→ Your instructions
Type out all the records word for word. Any pictures are to be left out.

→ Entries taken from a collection
--*--

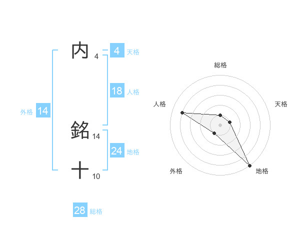 内 銘十さんの外格は14画の1点!
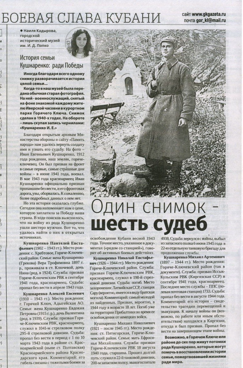 Новая публикация о семье Кушнаренко
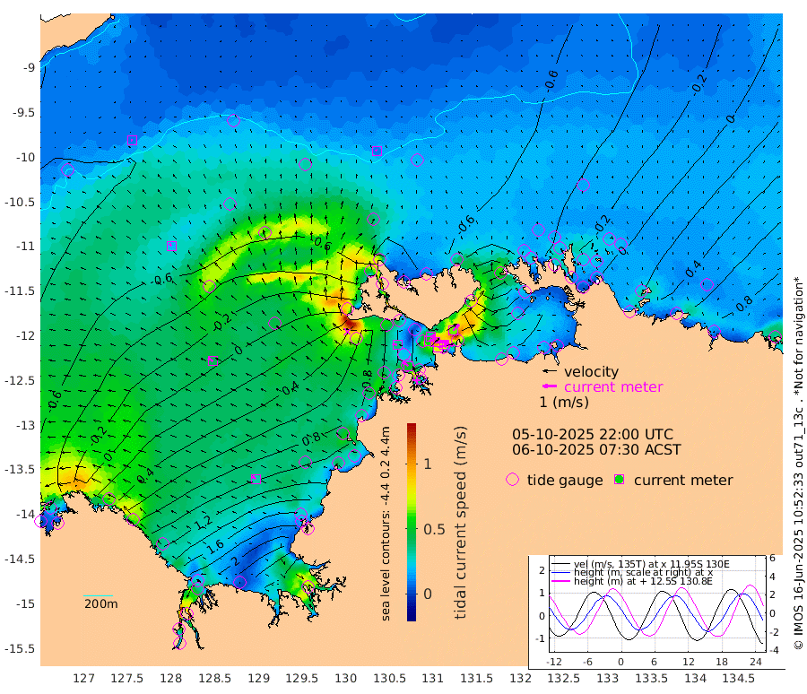 75cm/s 79T +4cm/s rms + 6cm/s 51T. Darwin_C1 52m 75cm/s 92T +4cm/s rms + 7cm/s -161T. Darwin_CW1 22m 56cm/s 70T +4cm/s rms + 8cm/s 61T. Darwin_CW2 34m 63cm/s 45T +3cm/s rms + 9cm/s 98T. Darwin_CW3 22m 100cm/s 90T +5cm/s rms + 7cm/s 88T. Darwin_C3 56m 33cm/s 66T +2cm/s rms + 9cm/s -126T. Darwin_CTbW 22m 10cm/s -16T +9cm/s rms + 2cm/s -110T. NWSLYN 196m 34cm/s -75T +1cm/s rms + 1cm/s -47T. DARBGF 30m 8cm/s -79T +7cm/s rms + 2cm/s -137T. ITFTIS 464m 19cm/s -36T +9cm/s rms + 1cm/s 74T. ITFMHB 146m 30cm/s -49T +4cm/s rms + 1cm/s -134T. ITFJBG 61m 41cm/s -56T +6cm/s rms + 4cm/s 121T. ITFFTB 108m 49cm/s -50T +4cm/s rms + 3cm/s 80T. NRSDAR 19m -28cm Carronade Island -24cm Guy Point -18cm Napier Broome Bay 40cm Lesueur Island 127cm Reveley Island 77cm Rocky Island 230cm Cape Domett 196cm Lacrosse Island 273cm Adolphus Island 286cm Pender Point 290cm Wyndham -36cm The Boxers -39cm Unnamed Shoal -70cm Loxton Shoal 226cm Pelican Island -56cm Calder Shoal -72cm Evans Shoal 356cm Quoin Island 182cm Port Keats 174cm Jones Point 278cm Catfish Island 85cm Cape Scott Offshore 23cm Cape Ford 95cm Anson Bay -67cm Goodrich Bank 65cm Peron Island North 54cm Point Jenny 53cm Native Point 66cm Fish Reef 79cm Tapa Bay -25cm Point Fawcett (Offshore) 104cm Burge Point 69cm Munkunuwa 29cm Beagle A 101cm Parsons Bank 91cm Fenton Patches -58cm Lynedoch Bank 110cm Hancox Shoal Area 114cm Nightcliff 133cm Darwin 101cm Charles Point Patches 123cm Glyde Point 148cm Chambers Bay 153cm Point Stuart 115cm Cape Hotham 132cm Christine Reef 173cm West Alligator Head 191cm East Field Island 108cm Two Hills Bay 0cm Newby Shoal 117cm Camp Point 83cm Medina Inlet South -30cm South Barlow Point -50cm St. Asaph Bay -70cm Cape Van Dieman -63cm Snake Bay -66cm Cache Point -80cm Echo Shoal -41cm Point Jahleel (Off) 14cm Cape Don -35cm Port Essington -42cm Smith Point - West -41cm NW Peacock Island -50cm North Of Jones Shoal -16cm Peacock Island -15cm Point David -40cm D'urville Point -33cm Money Shoal -12cm Copeland Island -14cm Cape Cockburn -14cm One Tree Point -15cm Hogmany Shoal -13cm New Year Island - West -10cm Grant Island 14cm Aurari Bay 34cm Cuthbert Point 11cm North Goulburn Island 62cm Paxie Shoal 73cm Entrance Island 108cm Yabooma Island
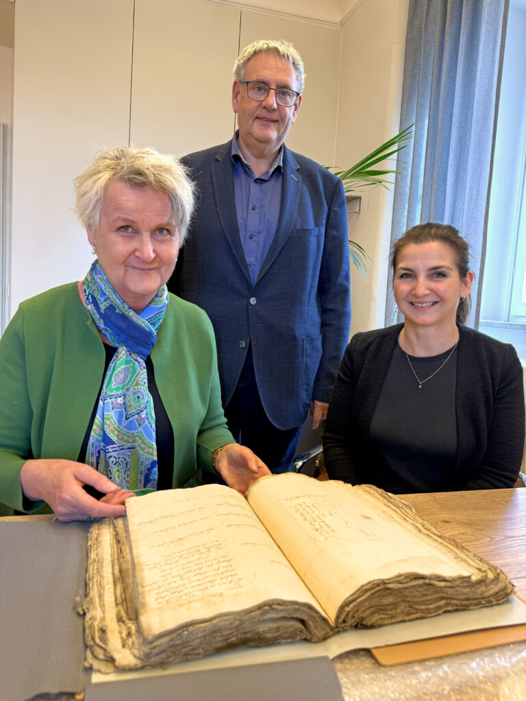Übergabe_Archivale_(c)_Doris_Wirth.jpg: Archivdirektorin Dr. Maria Rita Sagstetter (links) überreichte das 400 Jahre alte Archivale an Bürgermeister Herbert Tischhöfer und Stadtarchivarin Dr. Katja Putzer. Foto: Doris Wirth
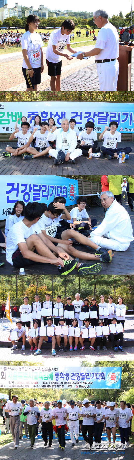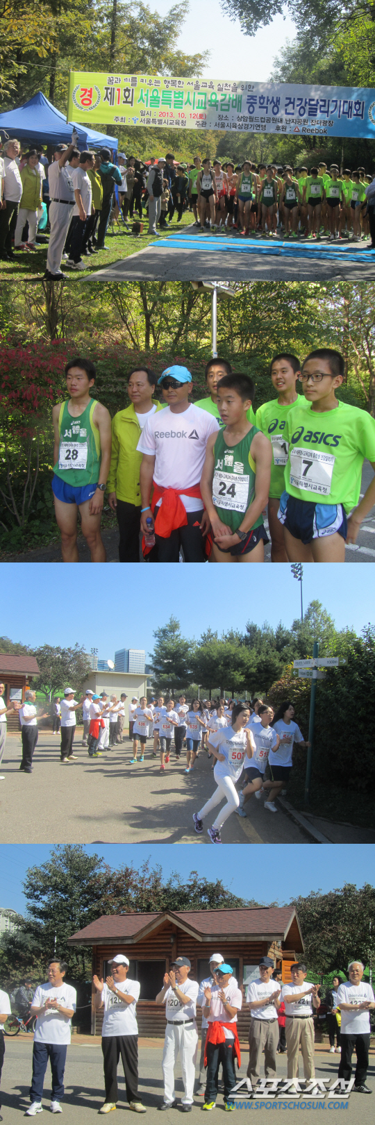 12일 오전 10시 서울시 상암월드컵공원 내 난지공원 잔디광장에서 '제1회 서울특별시교육감배 중학생 건강달리기 대회'가 열렸다. 학교체육에 특별한 관심을 지닌 문용린 교육감의 의지가 결실을 맺었다. 서울특별시교육청 산하 11개 지역교육청 비등록선수와 대한육상경기연맹에 등록된 선수 등 총 1200명의 중학생들이 이른 아침 난지공원에 결집했다. 지난 3월부터 '중학교 2학년'을 대상으로 한 각 학교 마라톤 대회에서 실력을 공인받은 서울 시내 동급최강 '건각'들이 총출동했다. '마라톤 영웅' 이봉주도 자리를 함께했다. TV로만 보던 애틀란타올림픽 은메달리스트 이봉주의 등장에 소년소녀들이 일제히 환호했다.
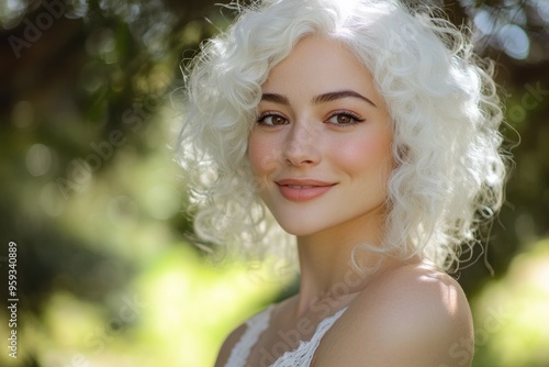 white, woman, white hair, curly, smiling, nature, outdoors, portrait, confident, beauty, natural, serene, glow, soft, bright, modern, peaceful, stylish, face, joyful, relaxed, female, natural beauty, young, fashion, hair, bride, winter, make-up, model, wedding, glamour, dress, lady, blond, snow, blond, people, coiffure, queen, person, cold, spring, flower, christmas, cosmetic
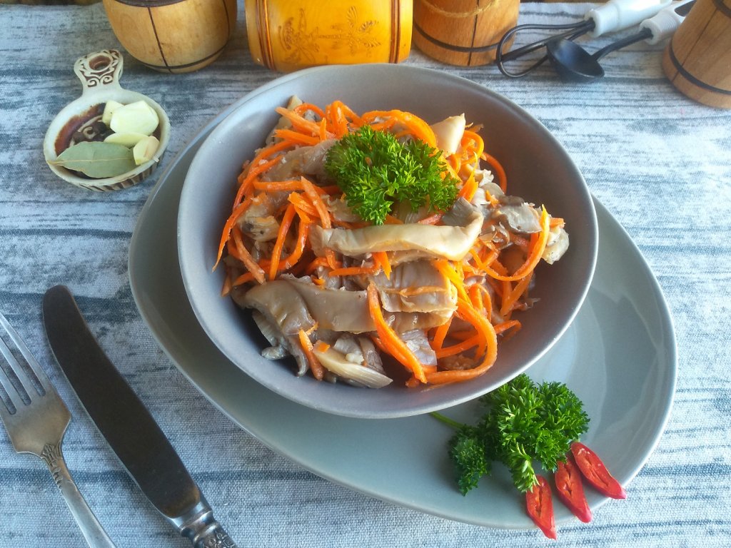 Всем любителям азиатских вкусов предлагаю приготовить вешенки с морковью по-корейски по этому рецепту. Пряная, вкусная закуска готовится из простых, доступных продуктов, великолепно сочетается с мясными, рыбными блюдами, различными гарнирами. Подать её можно не только к повседневному, но и к праздничному столу. Для этого блюда предпочтительнее брать яблочный или обычный уксус 9%. Уверена, вкус вешенок с морковью, приготовленных по-корейски, понравится многим!
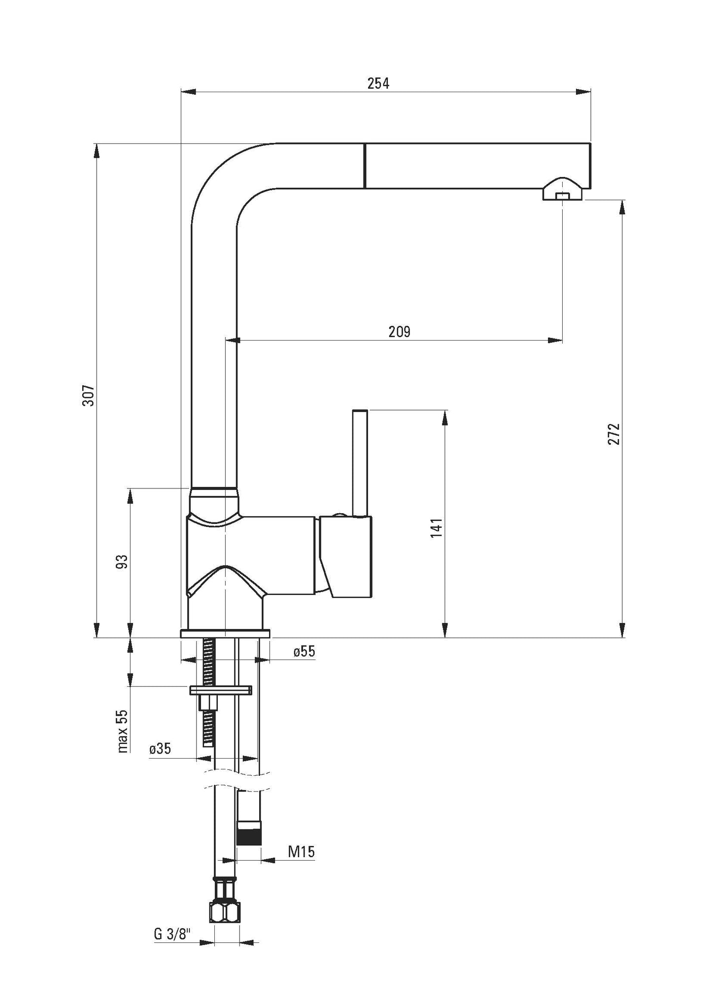 - Grifo con cabezal de ducha extraíble
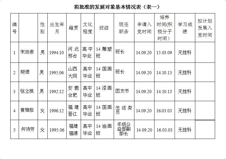 为了加强对发展党员工作的民主监督,确保发展新党员的质量,现将入党积极分子宋田崇等6位同志的有关情况进行公示(详见《拟批准的发展对象基本情况表》),公示期3月8日至3月12日止。有异议者,可向学院党委反映。

--*--

→ Response
 内 銘十さんの外格は14画の1点!
 Новая публикация о семье Кушнаренко
 75cm/s 79T +4cm/s rms + 6cm/s 51T. Darwin_C1 52m 75cm/s 92T +4cm/s rms + 7cm/s -161T. Darwin_CW1 22m 56cm/s 70T +4cm/s rms + 8cm/s 61T. Darwin_CW2 34m 63cm/s 45T +3cm/s rms + 9cm/s 98T. Darwin_CW3 22m 100cm/s 90T +5cm/s rms + 7cm/s 88T. Darwin_C3 56m 33cm/s 66T +2cm/s rms + 9cm/s -126T. Darwin_CTbW 22m 10cm/s -16T +9cm/s rms + 2cm/s -110T. NWSLYN 196m 34cm/s -75T +1cm/s rms + 1cm/s -47T. DARBGF 30m 8cm/s -79T +7cm/s rms + 2cm/s -137T. ITFTIS 464m 19cm/s -36T +9cm/s rms + 1cm/s 74T. ITFMHB 146m 30cm/s -49T +4cm/s rms + 1cm/s -134T. ITFJBG 61m 41cm/s -56T +6cm/s rms + 4cm/s 121T. ITFFTB 108m 49cm/s -50T +4cm/s rms + 3cm/s 80T. NRSDAR 19m -28cm Carronade Island -24cm Guy Point -18cm Napier Broome Bay 40cm Lesueur Island 127cm Reveley Island 77cm Rocky Island 230cm Cape Domett 196cm Lacrosse Island 273cm Adolphus Island 286cm Pender Point 290cm Wyndham -36cm The Boxers -39cm Unnamed Shoal -70cm Loxton Shoal 226cm Pelican Island -56cm Calder Shoal -72cm Evans Shoal 356cm Quoin Island 182cm Port Keats 174cm Jones Point 278cm Catfish Island 85cm Cape Scott Offshore 23cm Cape Ford 95cm Anson Bay -67cm Goodrich Bank 65cm Peron Island North 54cm Point Jenny 53cm Native Point 66cm Fish Reef 79cm Tapa Bay -25cm Point Fawcett (Offshore) 104cm Burge Point 69cm Munkunuwa 29cm Beagle A 101cm Parsons Bank 91cm Fenton Patches -58cm Lynedoch Bank 110cm Hancox Shoal Area 114cm Nightcliff 133cm Darwin 101cm Charles Point Patches 123cm Glyde Point 148cm Chambers Bay 153cm Point Stuart 115cm Cape Hotham 132cm Christine Reef 173cm West Alligator Head 191cm East Field Island 108cm Two Hills Bay 0cm Newby Shoal 117cm Camp Point 83cm Medina Inlet South -30cm South Barlow Point -50cm St. Asaph Bay -70cm Cape Van Dieman -63cm Snake Bay -66cm Cache Point -80cm Echo Shoal -41cm Point Jahleel (Off) 14cm Cape Don -35cm Port Essington -42cm Smith Point - West -41cm NW Peacock Island -50cm North Of Jones Shoal -16cm Peacock Island -15cm Point David -40cm D'urville Point -33cm Money Shoal -12cm Copeland Island -14cm Cape Cockburn -14cm One Tree Point -15cm Hogmany Shoal -13cm New Year Island - West -10cm Grant Island 14cm Aurari Bay 34cm Cuthbert Point 11cm North Goulburn Island 62cm Paxie Shoal 73cm Entrance Island 108cm Yabooma Island
Übergabe_Archivale_(c)_Doris_Wirth.jpg: Archivdirektorin Dr. Maria Rita Sagstetter (links) überreichte das 400 Jahre alte Archivale an Bürgermeister Herbert Tischhöfer und Stadtarchivarin Dr. Katja Putzer. Foto: Doris Wirth
 12일 오전 10시 서울시 상암월드컵공원 내 난지공원 잔디광장에서 '제1회 서울특별시교육감배 중학생 건강달리기 대회'가 열렸다. 학교체육에 특별한 관심을 지닌 문용린 교육감의 의지가 결실을 맺었다. 서울특별시교육청 산하 11개 지역교육청 비등록선수와 대한육상경기연맹에 등록된 선수 등 총 1200명의 중학생들이 이른 아침 난지공원에 결집했다. 지난 3월부터 '중학교 2학년'을 대상으로 한 각 학교 마라톤 대회에서 실력을 공인받은 서울 시내 동급최강 '건각'들이 총출동했다. '마라톤 영웅' 이봉주도 자리를 함께했다. TV로만 보던 애틀란타올림픽 은메달리스트 이봉주의 등장에 소년소녀들이 일제히 환호했다.
 white, woman, white hair, curly, smiling, nature, outdoors, portrait, confident, beauty, natural, serene, glow, soft, bright, modern, peaceful, stylish, face, joyful, relaxed, female, natural beauty, young, fashion, hair, bride, winter, make-up, model, wedding, glamour, dress, lady, blond, snow, blond, people, coiffure, queen, person, cold, spring, flower, christmas, cosmetic
 Всем любителям азиатских вкусов предлагаю приготовить вешенки с морковью по-корейски по этому рецепту. Пряная, вкусная закуска готовится из простых, доступных продуктов, великолепно сочетается с мясными, рыбными блюдами, различными гарнирами. Подать её можно не только к повседневному, но и к праздничному столу. Для этого блюда предпочтительнее брать яблочный или обычный уксус 9%. Уверена, вкус вешенок с морковью, приготовленных по-корейски, понравится многим!
 - Grifo con cabezal de ducha extraíble
 为了加强对发展党员工作的民主监督,确保发展新党员的质量,现将入党积极分子宋田崇等6位同志的有关情况进行公示(详见《拟批准的发展对象基本情况表》),公示期3月8日至3月12日止。有异议者,可向学院党委反映。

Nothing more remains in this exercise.